Simple ladder question (moments)

[bonbon22]

Homework Statement

A ladder of mass 20 kg and 3.0 m in length is propped up against a wall at an angle of 72o.

Calculate the support force on the wall.

Which data item is irrelevant?

g = 9.81 N kg-1.

Relevant Equations

f*d= moment

I know the answer and how to go about it the normal way. Could i possibly use the nose to tail method of finding the S value. Although it does not say in the question there are three forces on ladder support force , weight, support form the wall. So could i make a triangle then use sine rule cause i think that is so much easier. I used method and got s/sin(18) = 20 g/sin(72) and i got s as 63 the answer is 31

 

[haruspex]

there are three forces on ladder support force , weight, support form the wall.

What exactly do you mean by the first of those three? What direction is it in?

 

[bonbon22]

What exactly do you mean by the first of those three? What direction is it in?

the support force from the ground against the ladder. imagine the ladder leaning against the wall. The direction of that one since its in equilibrium would be 72 degrees to the horizontal cause mg acts straight down. support force from the wall is to the left.

 

[haruspex]

The direction of that one since its in equilibrium would be 72 degrees to the horizontal

I see no reason it should be at that angle.
Why doesn't it fall down?

 

[bonbon22]

I see no reason it should be at that angle.
Why doesn't it fall down?

why would it fall down? the ladder makes an angle of 72 as the question said so I am assuming its 72 why is that not the case?
http://www.antonine-education.co.uk/Pages/Physics_2/Mechanics/MEC_03/Mechanics_3.htm
if you scroll down you can see the question and the normal way of getting the answeer.

 

[Chestermiller]

Is there friction at the wall?

 

[bonbon22]

Is there friction at the wall?

doesn't say. the solution from the link if you can't click it.Weight = 20.0 kg × 9.81 N kg-1 = 196.2 N

S = (196.2 N × cos 72) ÷ (2 × sin 72) = 31.9 N



The length is irrelevant.

 

[Chestermiller]

So are you saying that you don't know how this solution came about?

 

[bonbon22]

So are you saying that you don't know how this solution came about?

No mate. I understand the normal way of going about it, i was asking if you can use the " nose to tail method" of finding the S value or is that not a method i can use? i find that way easier so i was asking. I got an answer which is twice as big as the actual answer. Is the method wrong or the way i did it incorrect?the way i did it:

You can see an upside down triangle, this is just an image to make it easier to understand how i got my answer. Question does not mention frictional force. The upside down triangle has an angle on the bottom side theta 72, so using the Z angle at point B it also has 72, so i can use soh cah toa to get the top of the triangle the S force acting against the ladder from the wall. I get an answer which is twice as big what did i do wrong?

 

[Chestermiller]

Did you get your result by taking moments about point A? Otherwise, please show us your equation.

 

[bonbon22]

Did you get your result by taking moments about point A? Otherwise, please show us your equation.
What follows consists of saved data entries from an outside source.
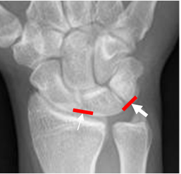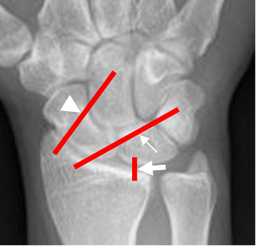 Rx AP. Ligamento radiocarpal con sus componentes radioescafoideo (Punta de flecha), radiolunado (Flecha delgada) y radiopiramidal (Flecha gruesa).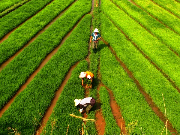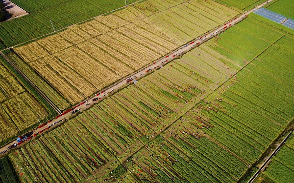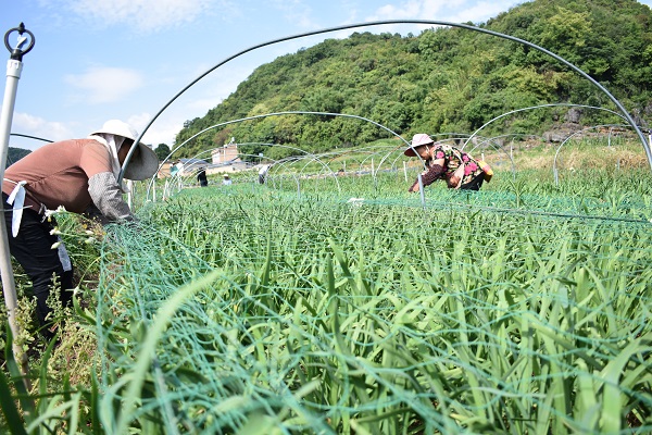 芒種時節,廣南縣珠琳鎮的韭菜田里一派忙碌景象,辛勤的菜農們搶抓時節,忙著對田間韭菜進行中耕管理,綠禾搖曳,豐收在望。(陸毅芳 攝)
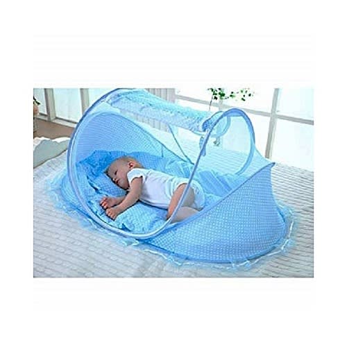- Pop up baby bed is blue with mixed colors.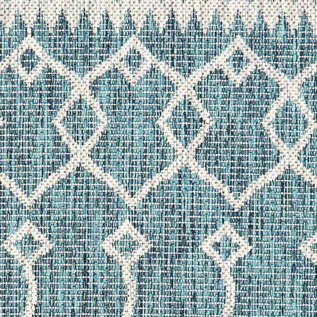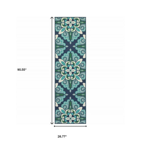 2' X 7' Blue and Beige Geometric Stain Resistant Indoor Outdoor Area Rug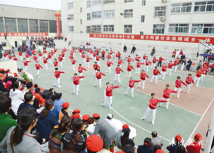 绛县太极拳是由绛县太极拳协会组织并发展起来的。从县城蔓延到各乡镇和工厂企业,平日早晚在广场和操场演练,节假日集中表演,今年成了元宵佳节的必上节目。其特点是舒展简洁,动作和顺,轻灵圆活,松柔慢匀,开合有序,刚柔相济,如“行云流水,连绵不断”。能自然地表现出气派大,形象美的独特风格。其架式有高、中、低之分。可以按照学拳者不同年龄、性别、体力条件和不同的要求适当调整运动量。既适用于疗病保健,益寿延年,又适用于节日表演,阴阳相济,自然高雅,可从中悟到音乐的韵律,哲学的内涵,美的造型,诗的意境。
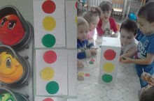 Кечкенәләр төркеме балалары белән танып белү эшчәнлегендә урам, андагы объектлар, күренешләр белән таныштык. Балалар машиналар юлы, тротуар турында белемнәрен тулыландырдылар. Светофор белән таныштылар, утларына карап юл аша чыгарга өйрәнделәр. Белемнәрен ныгыту максаты белән балалар үзләренә светофор ясадылар.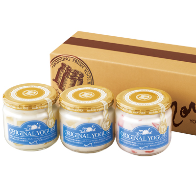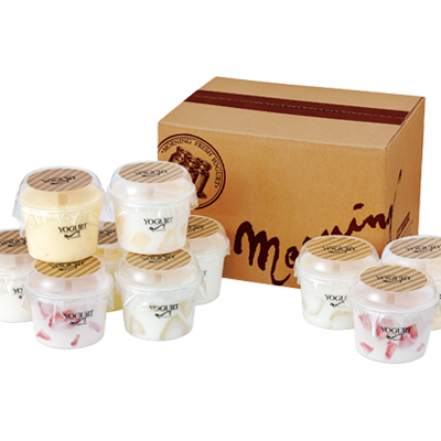 旬の果実を使った「季節の果実入りヨーグルト」を3種と、親しみやすい味わいの「オレンジ」と「加糖」を2個ずつ詰合せました。季節の贈り物にぴったりのセットです。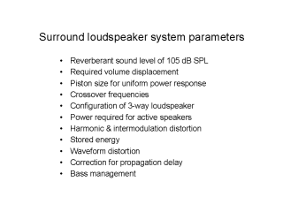 The preference in loudspeaker product design is for small size, while preserving maximum low frequency extension and output volume. If the goal is to create a realistic reproduction of a live event, then certain speaker parameters must be adequately controlled, such as volume displacement, intermodulation distortion, stored energy and off-axis frequency response. Components must be carefully selected for low distortion performance. Parameters like phase linearity and cabinet diffraction are sometimes overrated. Multi-channel speaker setups require propagation delay correction and bass management, if not all speakers cover the full frequency range. These issues are reviewed at the advent of high resolution surround sound. The new technology can only fulfill its promise and expand into more than a niche market, if capable loudspeakers are widely available.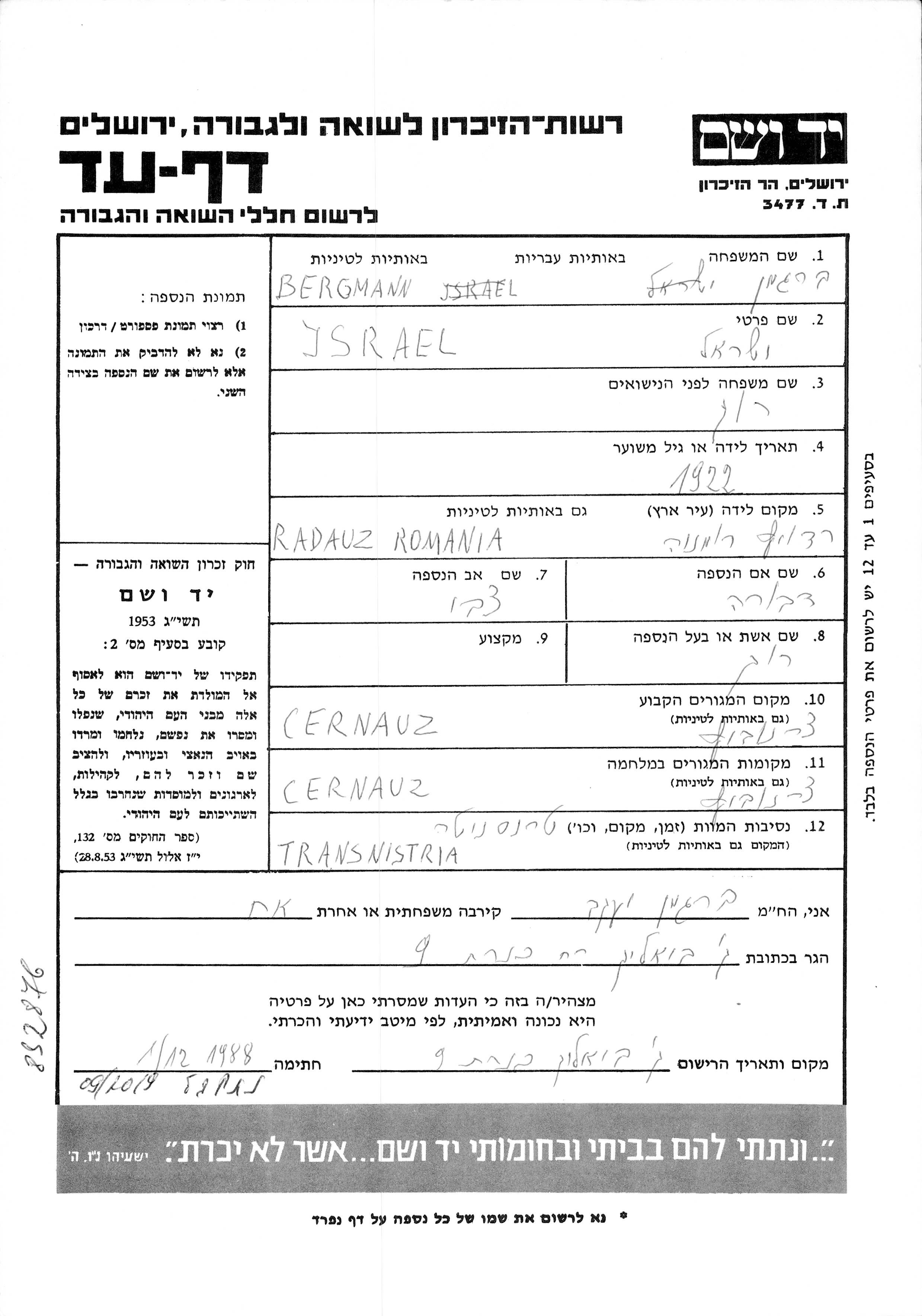 Bergman Israel Beniamin 1922 Czernowitz, Roumanie Feuille de témoignage
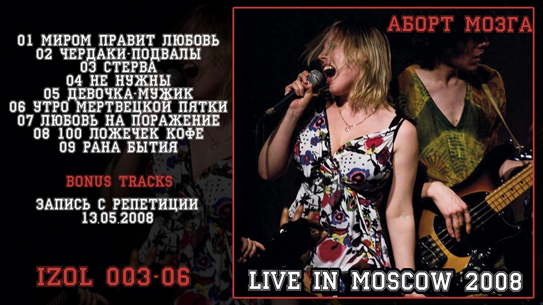 Помню, рецензировал я как-то концертный альбом группы Аборт Мозга "Live In Irkutsk", записанный в далеком 2002 году, и это было больно. Я еще назвал его альбомом, которого лучше бы не было, что являлось сущей правдой. Потому, держа в руках очередной "живой" релиз бурятских панков, я испытал все виды панических атак, вьетнамских флэшбеков и приступов ПТСР. О, нет, опять они! Уже думал просто накатать любую простыню "на шару", лишь бы избавить себя от лишних мучений, но в итоге решил, что это как-то непрофессионально. Оказалось, здесь все не так плохо. "Live In Moscow 2008" был записан, как уже можно догадаться, в Москве на нескольких концертах в поддержку вышедшего в 2007 году альбома "Влечение". Соответственно, материал концертника составлен в основном из песен с этого альбома в наиболее актуальной на тот момент их версии, поскольку некоторые треки существуют и в иных вариантах. Тогда группа была на пике формы и популярности и, да, на "Live In Moscow 2008" она звучит лучше, чем на "Liv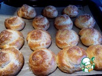Булочки выложить на противень, смазанный маслом или выстланный бумагой для выпечки. По желанию булочки можно смазать яичным желтком и присыпать сахаром. |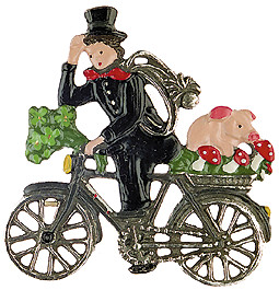 Handwerkergeschenk Zinnfigur Kaminkehrer mit Fahrrad, H: 5,0 cm, Bestellnummer: 13-05-498C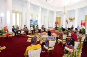 Bogor – Presiden Joko Widodo (Jokowi) mengapresiasi langkah Asosiasi Pemerintah Kabupaten Seluruh Indonesia (Apkasi) dalam menggerakkan ekonomi daerah di tengah situasi pandemi. Hal ini disampaikan Jokowi saat meresmikan kegiatan Apkasi Otonomi Expo 2021 dari Istana Kepresidenan Bogor, Rabu (20/10/2021) didampingi Menteri Sekretaris Kabinet Pramono Anung dan Menteri Dalam Negeri Muhammad Tito Karnavian.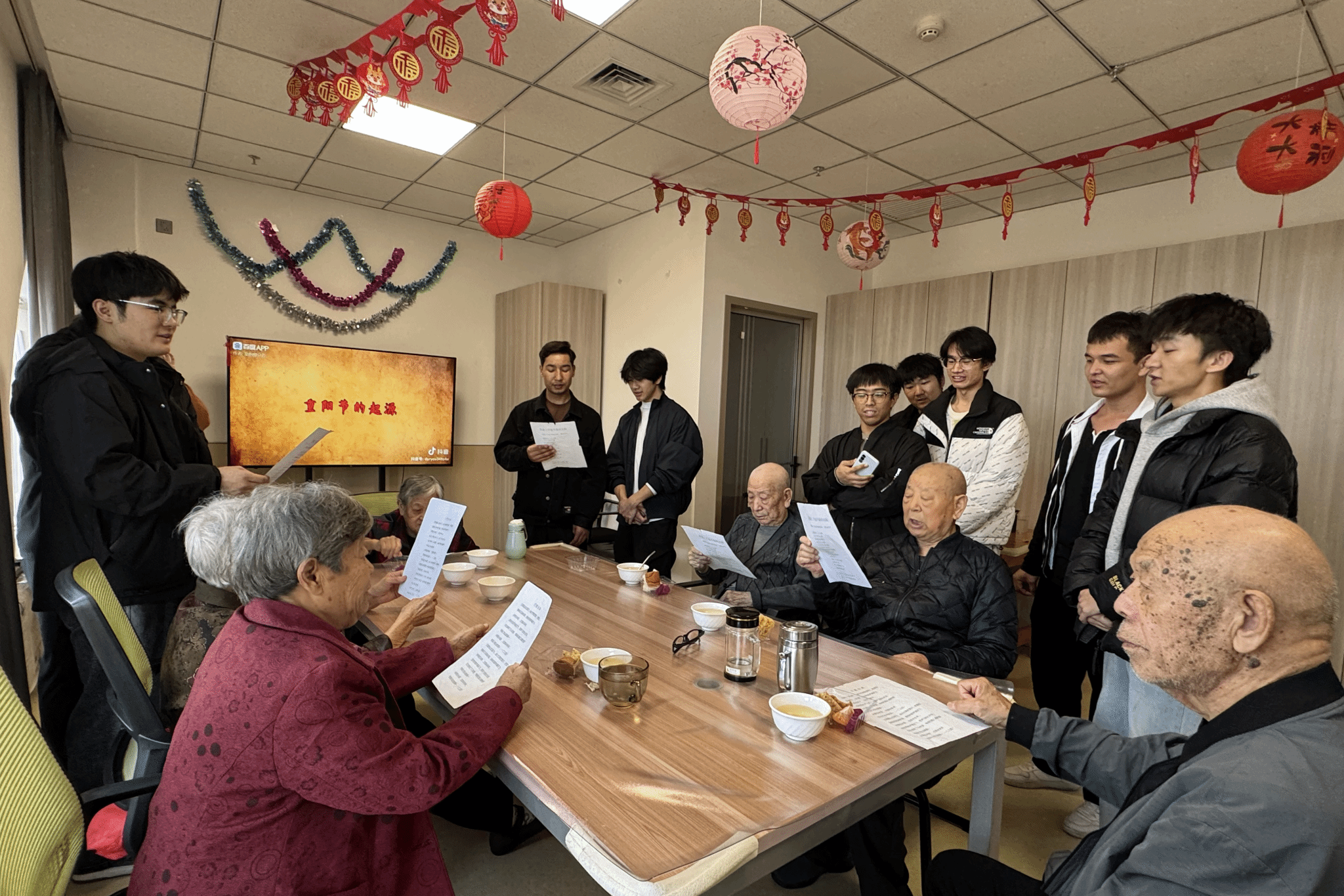 除了精彩的互动联欢,志愿者们还主动承担起养老服务中心的志愿服务工作。他们拿起抹布仔细擦拭窗户、认真整理活动室桌椅,积极帮忙搬运物品,用勤劳的双手为老人们营造整洁舒适的环境。“这些孩子就像自家孙辈一样贴心,不仅陪我们说话,还帮我们解决实际问题,心里特别暖。”78岁的张奶奶笑着说道。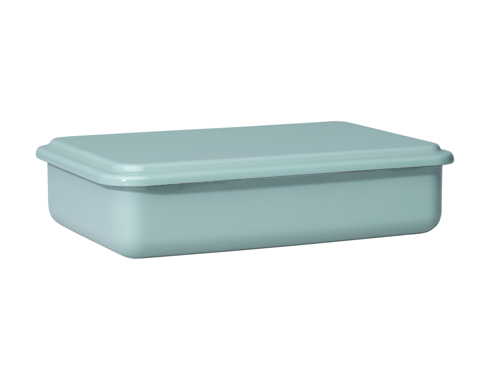 Die SERVE+STORE Vorratsbehälter sind nachhaltige und stilvolle Küchenbasics, ideal für Ordnung in der Küche und im Kühlschrank sowie für das stilvolle Servieren. Sie bestehen aus rechteckigen Emaille-Behältern mit passenden Deckeln und sind in verschiedenen Größen und Farben erhältlich. Die Behälter sind stapelbar und backofenfest, was sie vielseitig einsetzbar macht – vom Aufbewahren und Servieren bis hin zum Backen und Gratinieren. Die Deckel können auch separat als Untersetzer, Schüssel oder Servierplatte verwendet werden. Gekochte und ungekochte Lebensmittel lassen sich sowohl im Behälter als auch auf dem Deckel im Kühlschrank aufbewahren und danach direkt servieren. Die Behälter eignen sich auch für die Verwendung im Backofen und Gefrierfach. Darüber hinaus können sie bei niedriger Hitze auf dem Herd zum Erwärmen von Speisen genutzt werden.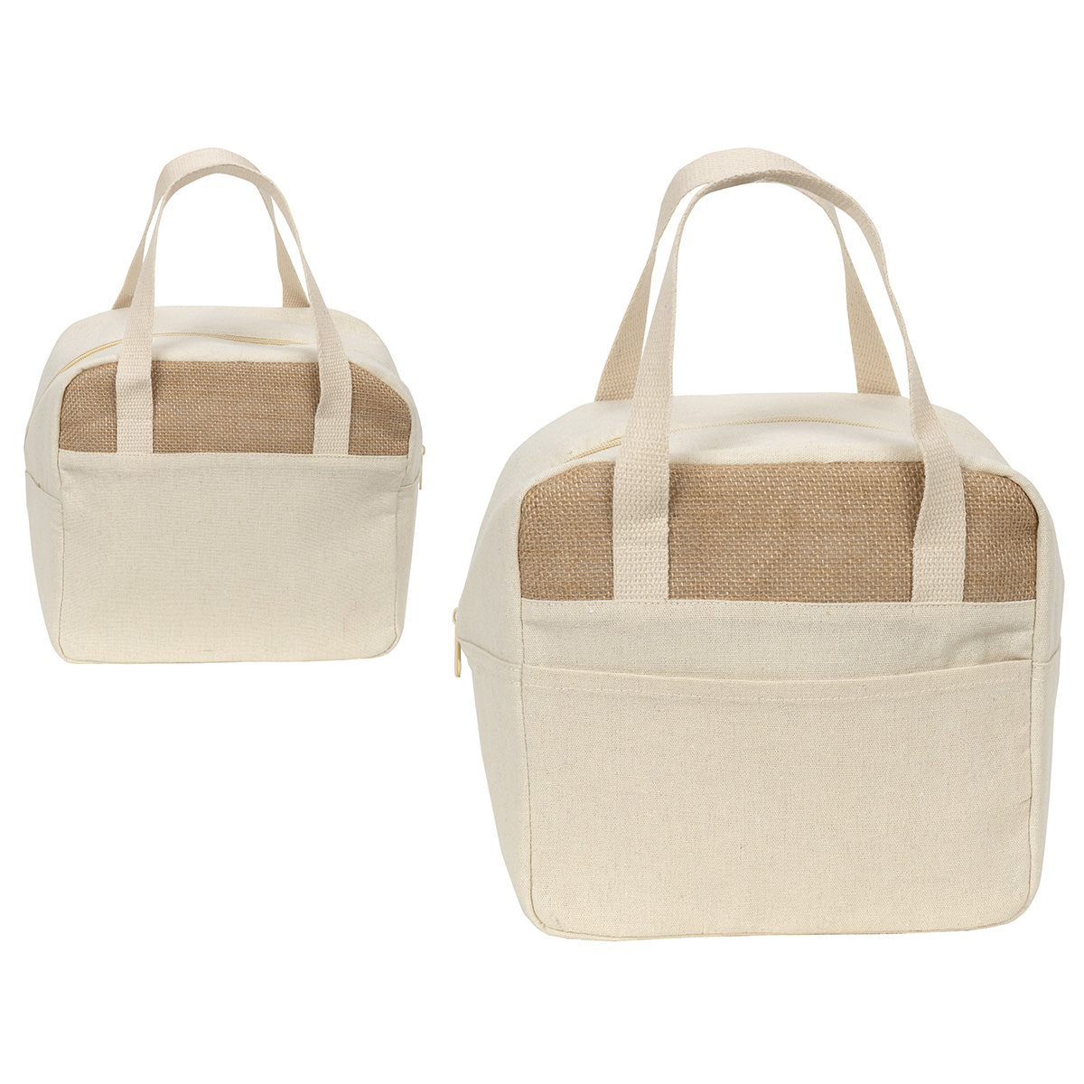 • 200GSM recycled cotton with a decorative jute panel at front and back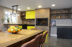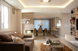 A família possuía este terreno com 2 casas térreas conjugadas para locação até que a matriarca da família, já viúva, resolveu sair do seu apartamento e reformar estes imóveis pra ir morar com uma sobrinha. As construções originais não eram reforçadas para receber um segundo pavimento e possuíam cômodos pequenos e mal iluminados. Como não havia a intenção de demolir tudo e começar um projeto todo novo, o grande desafio desta reforma foi reorganizar o pavimento térreo: paredes internas foram removidas, vigas de ferro instaladas, uma escada de concreto para acesso ao 2° andar foi projetada e os quartos que existiam originalmente nos fundos do terreno foram totalmente demolidos, a fim de trazer mais iluminação natural pros ambientes sociais e de serviço. Os dormitórios foram transferidos pro 2° pavimento, o qual contou com paredes internas em gesso acartonado e telhado com estrutura de ferro para que esta parte nova da construção não pesasse muito sobre a pré-existente. Detalhes de fachadas originais foram mantidos, como o detalhe em pedra natural e os gradis nas janelas dos térreos.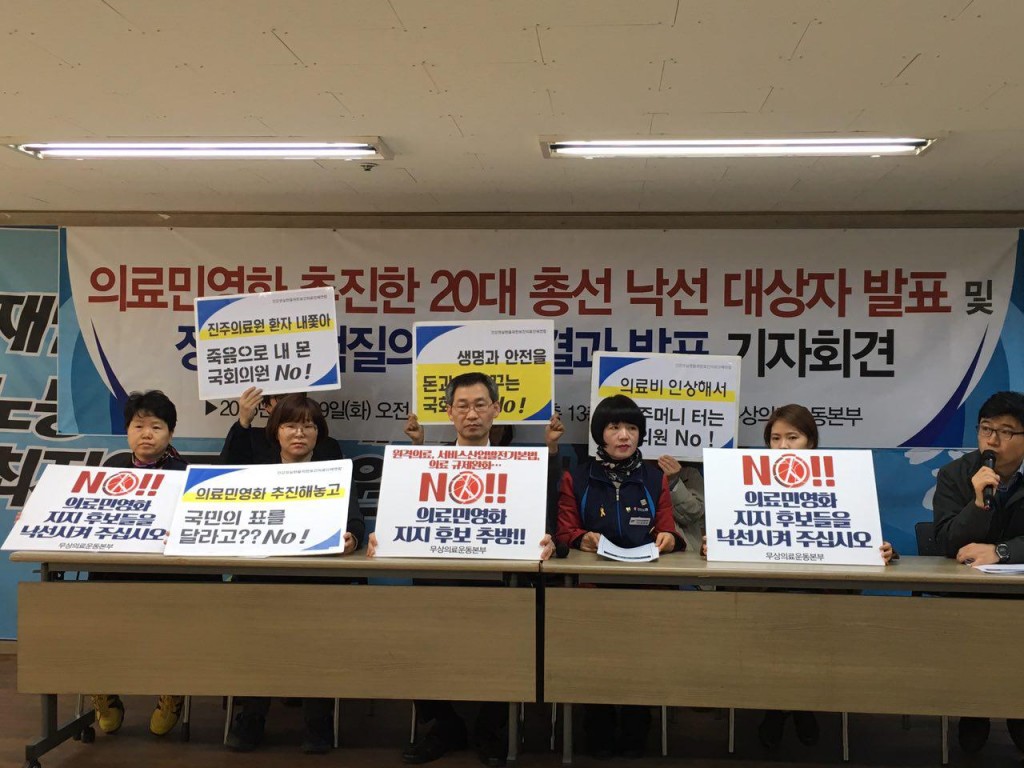 ○ 우리는 이번 20대 국회의원 입후보자 중 지난 19대 국회 때 의원 발의를 통해 의료민영화를 추진한 국회의원들을 중심으로 낙선운동의 대상으로 삼고자 하며, 이외에도 진주의료원 폐원에 앞장 선 자들과 그간 기자회견 및 각종 국회 대정부 질의 등에서 명확한 의료민영화 사안을 지지하고, 이를 강행시키려 한 19대 국회의원들을 대상에 포함시키려 함.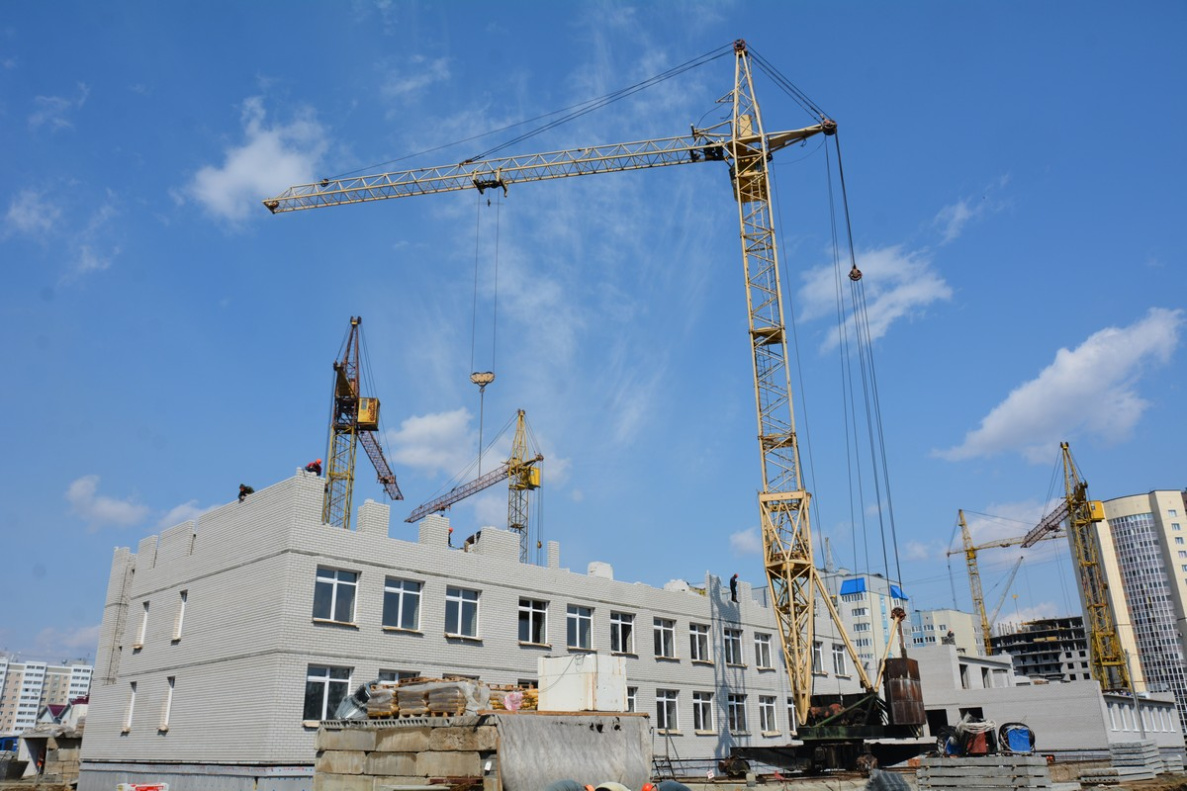 Сегодня на объекте в постоянном режиме задействовано четыре башенных крана, самоходный кран, фронтальный погрузчик.

i made a triangle ... if you read my previous reply friendo

using soh cah toa1) Mg / S = tan(72)

Mg/ tan (72) = S
M = 20 g = 9.8
S= 63
answer is 31

 

[Chestermiller]

Your equation assumes (incorrectly) that the force at A is directed parallel to the ladder. Now that you've tried the "guessing" method, let's see your force- and moment balance equations.

 

[haruspex]

No mate. I understand the normal way of going about it, i was asking if you can use the " nose to tail method" of finding the S value or is that not a method i can use? i find that way easier so i was asking. I got an answer which is twice as big as the actual answer. Is the method wrong or the way i did it incorrect?the way i did it:View attachment 243016
You can see an upside down triangle, this is just an image to make it easier to understand how i got my answer. Question does not mention frictional force. The upside down triangle has an angle on the bottom side theta 72, so using the Z angle at point B it also has 72, so i can use soh cah toa to get the top of the triangle the S force acting against the ladder from the wall. I get an answer which is twice as big what did i do wrong?

You say you assumed the resultant of the two forces from the ground is along the line of the ladder. If that is the case, what do you notice if you take moments about either B or the middle of the ladder?

 

[bonbon22]

You say you assumed the resultant of the two forces from the ground is along the line of the ladder. If that is the case, what do you notice if you take moments about either B or the middle of the ladder?

i get it now cheers m8

 

[haruspex]

i get it now cheers m8

There's a handy rule: if three forces on a body are in equilibrium then their lines of action must pass through a common point.